High-ranking officials from Abbas’s political movement, Fatah, and the Palestinian Authority — which exerts limited control in the West Bank — shook hands and smiled.

“This recognition is a first step in a process that we hope will continue,” Jibril Rajoub, secretary-general of Fatah’s central committee, told AFP.

“It is the result of more than a century of resistance and determination by our people.”

Rajoub said he had felt moved listening to the speeches made at the UN General Assembly in New York the night before.

“We must learn from the past and unite the people,” he said.

Maysoon Mahmud, 39, who is also a Fatah member, said: “We came here today to thank the countries that have recognised Palestine, but also to ask them to continue to support us in stopping the war.”

“It is time for the world to take responsibility,” she added.

Further north in Tulkarem, dozens more gathered, holding the flags of countries that now recognise a Palestinian state.

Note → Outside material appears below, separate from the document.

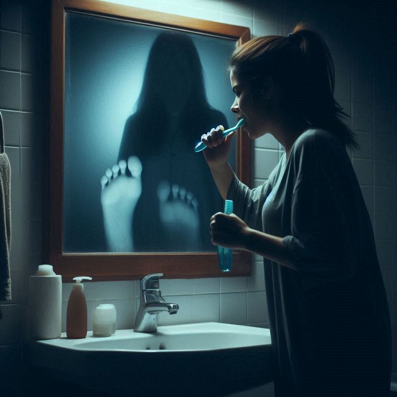 那天晚上,我站在浴室的洗手盆前刷牙洗脸。镜子里昏黄的灯光映出我有些疲惫的脸。当我微微抬头时,余光中突然瞥见背后有一双男生的脚,灰白的脚背,隐约透着青紫。我的心猛地一沉,呼吸停滞,冷汗顺着额头滑落。
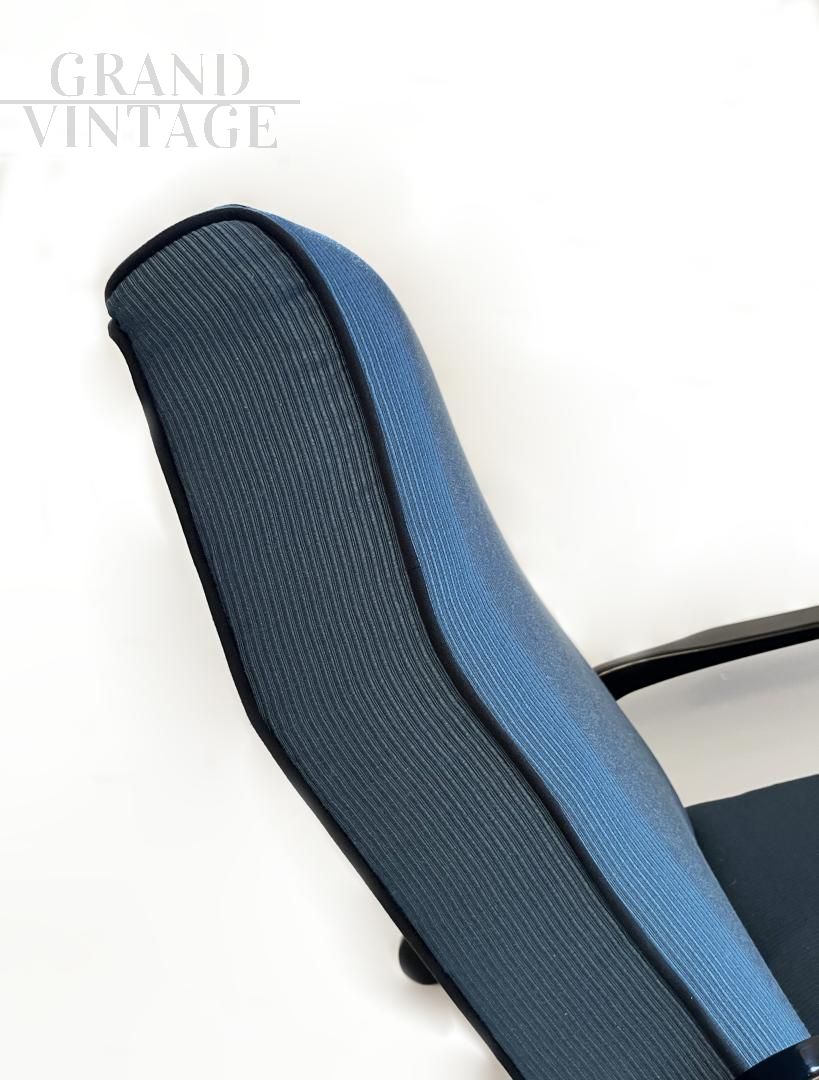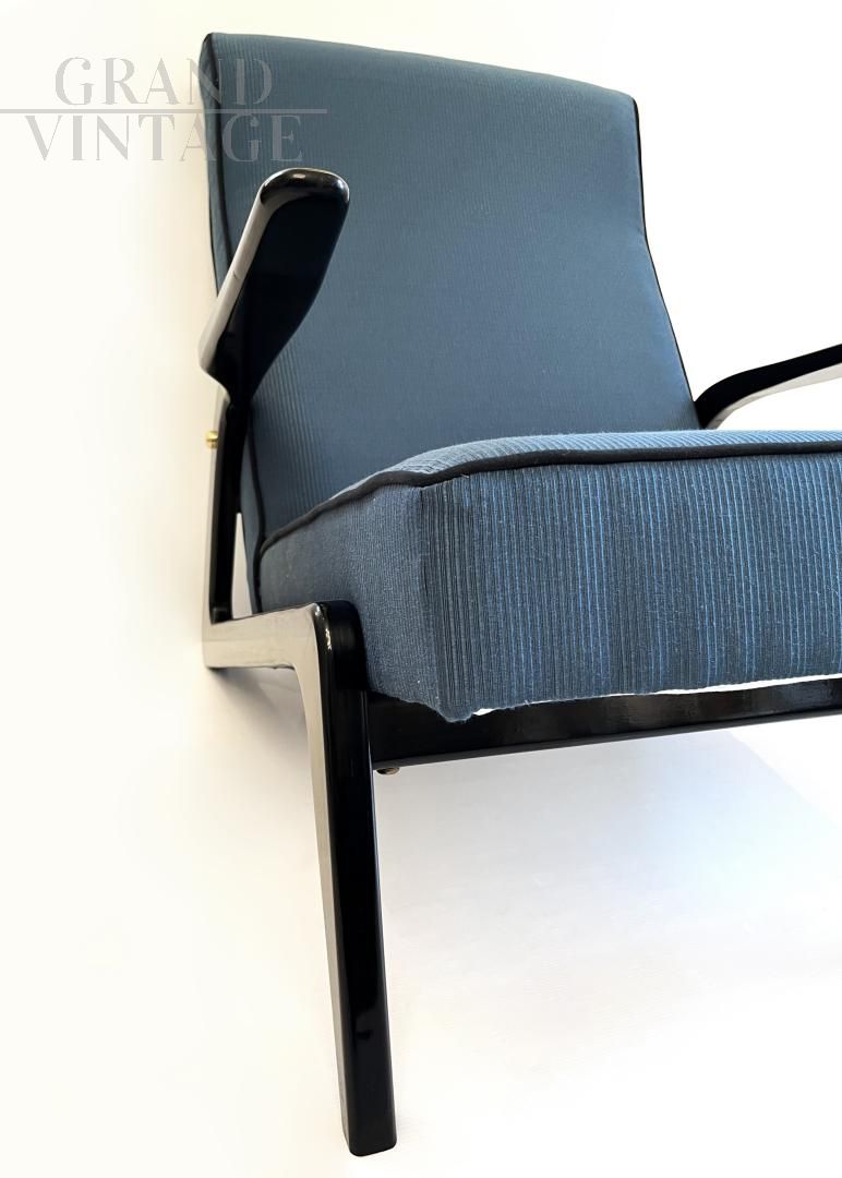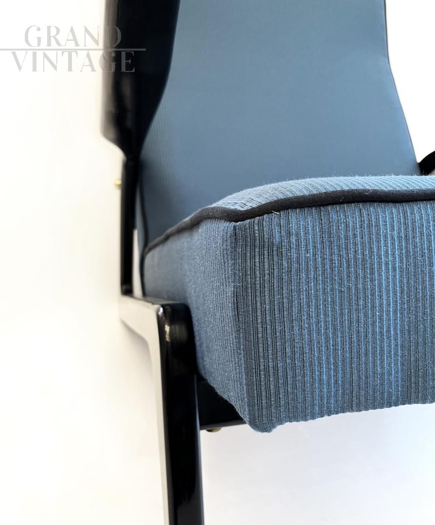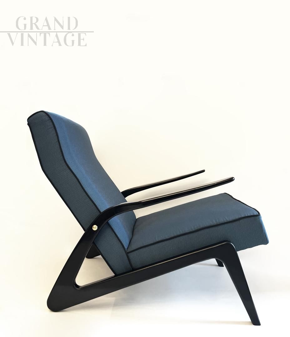 Particular pair of armchairs designed by Alfred Hendrickx for Belform with structure in ebonized cherry and upholstery in blue striped cotton with black profiles, Belgium 1950s.

A majority of European powers now recognise a Palestinian state, following official declarations on Monday by France, Belgium, Luxembourg, Malta and others, after nearly two years of war in Gaza and soaring violence in the West Bank.

A day earlier Britain, Australia, Canada and Portugal also took the step.

But many Palestinians interviewed by AFP expressed ambivalence at the move due to the bitter reality of the situation on the ground.

Roula Ghaneb, an academic from Tulkarem, stood impassively in the middle of the Ramallah rally, holding a photo of her 20-year-old son, Yazan.